Species of butterfly

Charaxes hildebrandti, the Hildebrandt's charaxes, is a butterfly in the family Nymphalidae. It is found in Sierra Leone, Ivory Coast, Ghana, Nigeria, Cameroon, Gabon, the Republic of the Congo, Angola, the Central African Republic, the Democratic Republic of the Congo, Uganda and Zambia. It is a rare and local species

==Description==
Ch. hildebrandti Dew. male : wings above black with a common, straight, white, bluish-bordered
transverse band, extending from vein 2 on the hindwing to vein 7 or 8 on the forewing, but in cellules 5—8 of the forewing broken up into small, rounded spots; tails of the hindwing short and obtuse. The white transverse band occurs beneath also and is here basally bounded on the hindwing by the fine, continuous and nearly straight black discal line, but on the forewing in cellules lb—3 proximally often angled at the veins so as to form a series of steps. Hindwing beneath with yellowish marginal line. The female is somewhat larger than the male and has the white transverse band broader and scarcely margined with blue, reaching the inner margin of the hindwing; otherwise it agrees with the male. Gold Coast to Angola.

==Biology==
Its habitat consists of lowland evergreen forests.

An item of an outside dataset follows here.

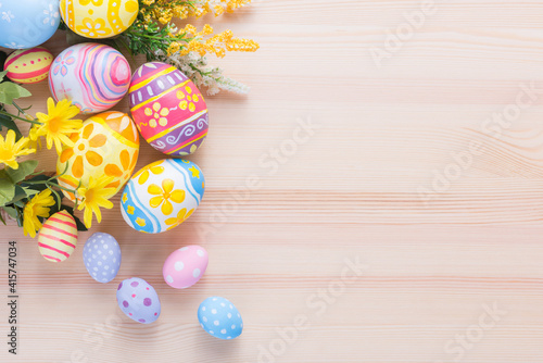 Happy Easter day colorful eggs and flower decoration on wood background with copy space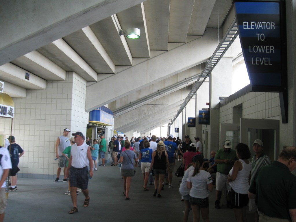 The covered first level concourse is tall and wide as it features a brick inside wall filled with inlets on various honors, championships and achievements (more on that in “Displays”). On the outer edges of the concourse are very long ramps that bring you to the top level of the stadium and it takes a while to get there (there are also a couple middle concourses, but they do not encircle the stadium). At the top, is a smaller concourse that is outdoors, but mostly protected from precipitation thanks to the seating bowl. Having this much space for a one-level stadium is pretty good even if things get crowded at times up top. In terms of the design, yeah it’s plain, but it fits the stadium and tradition here.

The larvae feed on Dyboscia species.

==Subspecies==
- Charaxes hildebrandti hildebrandti (Nigeria, Cameroon, Gabon, Congo, northern Angola, Central African Republic, northern and central Democratic Republic of the Congo, western Uganda)
- Charaxes hildebrandti gillesi Plantrou, 1973 (Sierra Leone, Ivory Coast, Ghana, western Nigeria)
- Charaxes hildebrandti katangensis Talbot, 1928 (eastern and southern Democratic Republic of the Congo, north-western Zambia, Uganda: west to the Bwamba Valley)

==Taxonomy==
Charaxes hildebrandti is a member of the large species group Charaxes etheocles.

==Realm==
Afrotropical realm

==Etymology==
The name honours Johann Maria Hildebrandt.